First Jackson compares herself to her grandmother and her mother and notices how 50-somethings like her are younger looking, more active, and take better care of their bodies than the 50+ in previous generations. So far so good.

But then: menopauze! Symptoms can be depression, weight gain, and much more. Time for a pill, or maybe not?

And then: want a new job? Ok, but do they want you? Probably not, unless you’re already a big star in your profession.

And furthermore: the children are moving out, leaving you wondering what to do with your empty nest; you need to work (hard) to keep those looks you had at 40 (botox? gym? both?); sooner or later you will have less money (think: no job or fewer assignments, pensions); if you’re single, men your age may be looking at women who actually are in their 30s rather than just pretending; people your age start dying around you, from health issues rather than accidental causes.

It sounds like a lot of misery. But: Jackson says: if you’re prepared for it, and willing to work on it, getting older doesn’t have to be all that bad. The book is written in a fun way, it gives you the very personal experience (including trial and error) of Tracey Jackson herself.

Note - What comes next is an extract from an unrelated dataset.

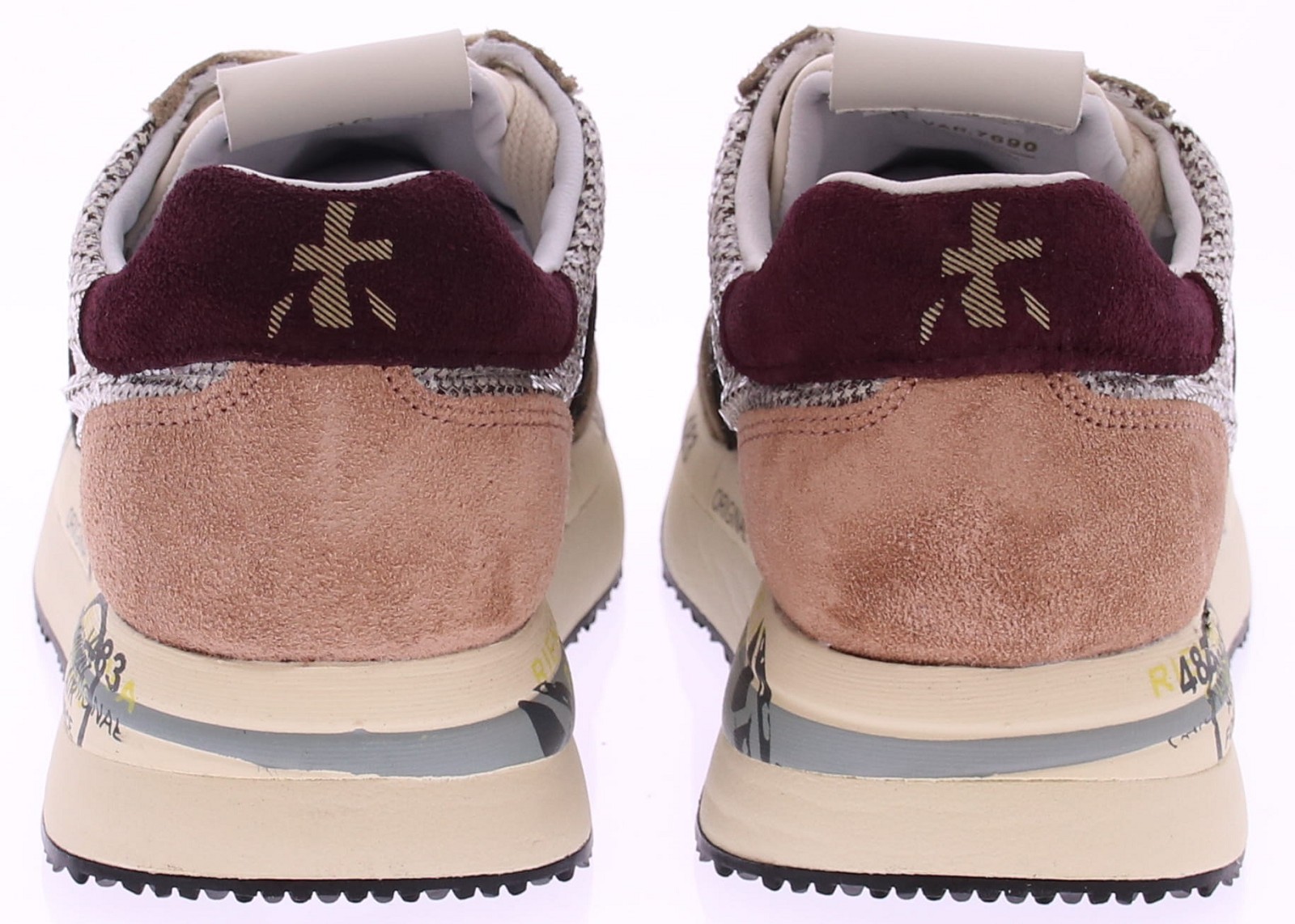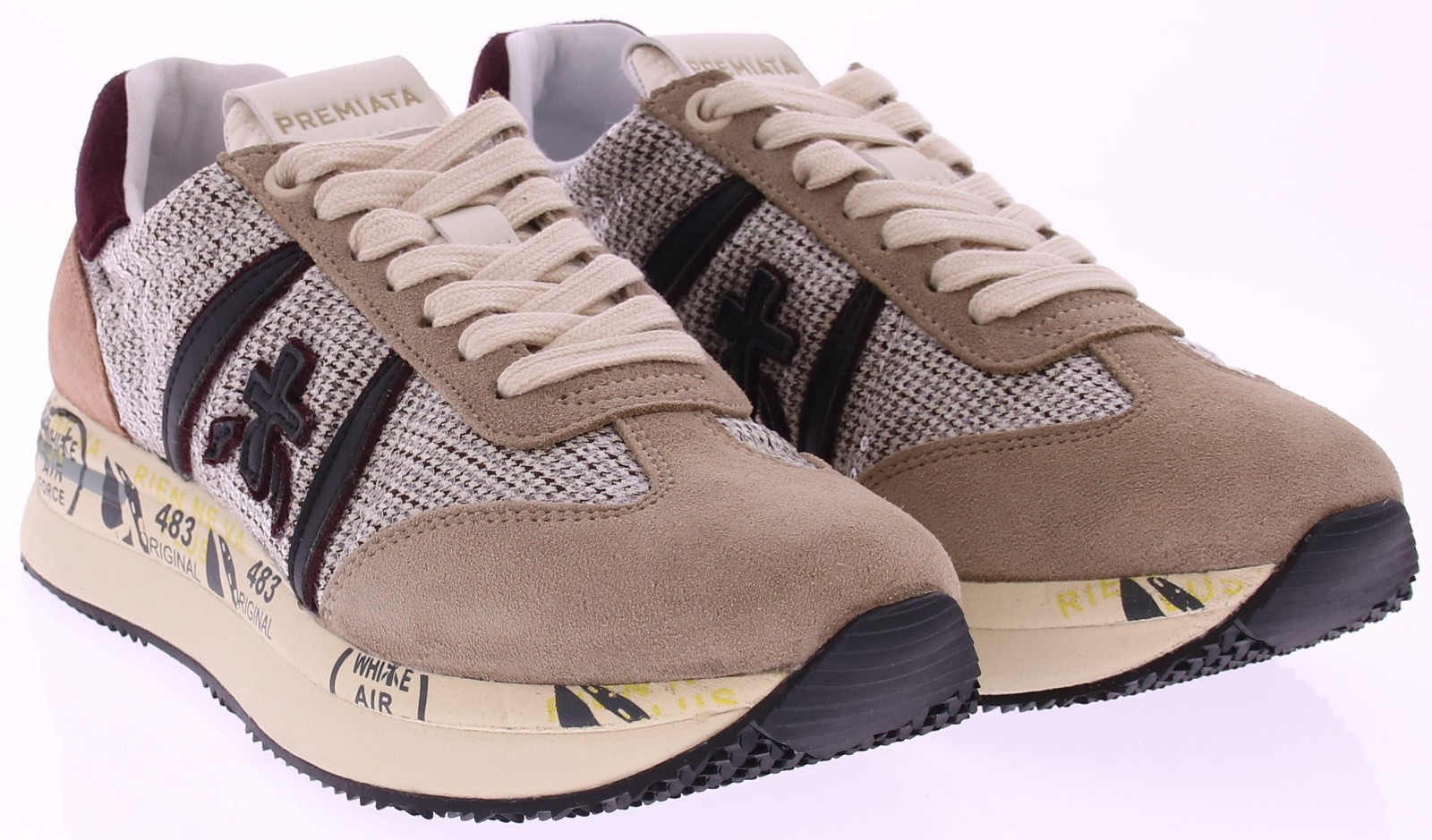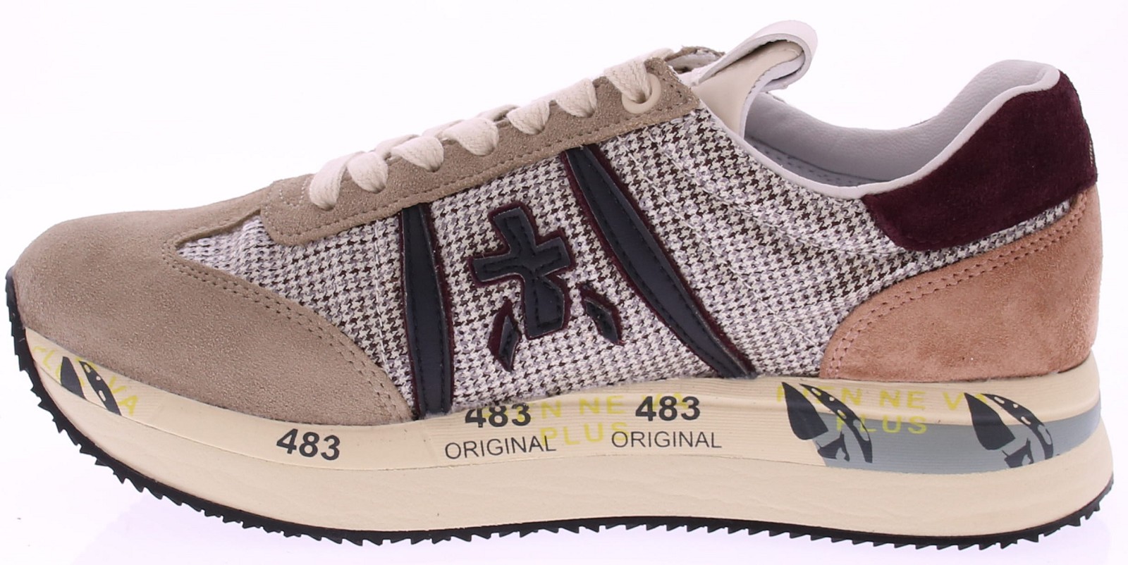 Beige stoffen met suede dames sneaker van Premiata met bordeaux, oud roze en zwarte accenten. De schoen is geheel leer gevoerd en heeft een uitneembaar voetbed. De herkenbare Premiata zool is voorzien van de iconische Premiata tekst en maakt de sneaker meteen herkenbaar, en biedt uitstekende demping en comfort. De fantastische pasvorm zorgt ervoor dat de schoen perfect aansluit en ideaal is voor langdurig dragen. Daarnaast heeft de sneaker een uitneembare zool, wat zorgt voor extra flexibiliteit en gemak. Een perfecte combinatie van stijl, comfort en kwaliteit die je van Premiata mag verwachten.

In each chapter she describes one of the issues and how she learned to deal with it. I got a good insight in growing older gracefully and got some great tips! Nearer the time (i.e., my 50th birthday) I will re-read this book for sure. My preparation for turning 50 so far is: going on a diet so I won’t have Jackson’s grandma’s physique.

If you’re in your 40s or 50s, you will likely enjoy this personal story of growing older.